Spanning Set of R^3: (1,0,0)^T,(0,1,1)^T,(1,0,1)^T,(1,2,3)^T

[Dustinsfl]

Determine the spanning set of {(1,0,0)^T, (0,1,1)^T, (1,0,1)^T, (1,2,3)^T}

v=a*(1,0,0)^T+b*(0,1,1)^T+c*(1,0,1)^T+d*(1,2,3)^T

Augmented Matrix(3, 5, {(1, 1) = 1, (1, 2) = 0, (1, 3) = 1, (1, 4) = 1, (1, 5) = v1, (2, 1) = 0, (2, 2) = 1, (2, 3) = 0, (2, 4) = 2, (2, 5) = v2, (3, 1) = 0, (3, 2) = 1, (3, 3) = 1, (3, 4) = 3, (3, 5) = v3})

In reduced row echelon, Matrix(3, 5, {(1, 1) = 1, (1, 2) = 0, (1, 3) = 0, (1, 4) = 0, (1, 5) = v1-v3+v2, (2, 1) = 0, (2, 2) = 1, (2, 3) = 0, (2, 4) = 2, (2, 5) = v2, (3, 1) = 0, (3, 2) = 0, (3, 3) = 1, (3, 4) = 1, (3, 5) = v3-v2})

I am not sure how to finish this off since there is an extra column.

 

[Mark44]

Determine the spanning set of {(1,0,0)^T, (0,1,1)^T, (1,0,1)^T, (1,2,3)^T}

v=a*(1,0,0)^T+b*(0,1,1)^T+c*(1,0,1)^T+d*(1,2,3)^T

Augmented Matrix(3, 5, {(1, 1) = 1, (1, 2) = 0, (1, 3) = 1, (1, 4) = 1, (1, 5) = v1, (2, 1) = 0, (2, 2) = 1, (2, 3) = 0, (2, 4) = 2, (2, 5) = v2, (3, 1) = 0, (3, 2) = 1, (3, 3) = 1, (3, 4) = 3, (3, 5) = v3})

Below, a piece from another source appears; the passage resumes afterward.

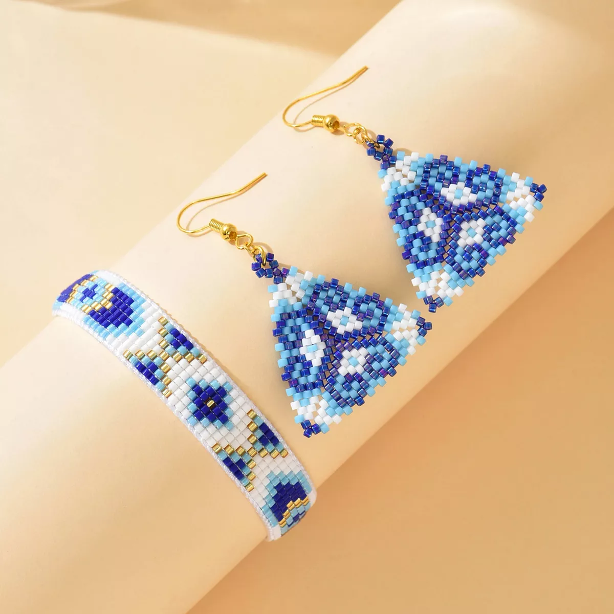 Let your style speak through color, pattern, and handmade artistry. This Miyuki beaded bracelet and earring set is ready to become your new favorite accessory. Bring home this creative fashion piece and enjoy the perfect blend of beauty, personality, and boho charm. Order now and express your free-spirited style with every wear.

In reduced row echelon, Matrix(3, 5, {(1, 1) = 1, (1, 2) = 0, (1, 3) = 0, (1, 4) = 0, (1, 5) = v1-v3+v2, (2, 1) = 0, (2, 2) = 1, (2, 3) = 0, (2, 4) = 2, (2, 5) = v2, (3, 1) = 0, (3, 2) = 0, (3, 3) = 1, (3, 4) = 1, (3, 5) = v3-v2})

I am not sure how to finish this off since there is an extra column.

Most of the stuff from "Augmented Matrix ..." on down is gobbledygook that I will ignore.

You have a set of vectors in R³ that includes four vectors, so obviously there are too many for a basis. What you want to do is to eliminate any of the four vectors that is a linear combination of the others. To save myself some typing I'm going to call your four vectors v₁, v₂, v₃, and v₄. If you put your four vectors as columns in a 4 x 3 (not augmented) matrix and row-reduce it, you are finding the solutions to the equation c₁v₁ + c₂v₂ + c₃v₃ + c₄v₄ = 0.

From that you should be able to see which vector is a linear combination of the others.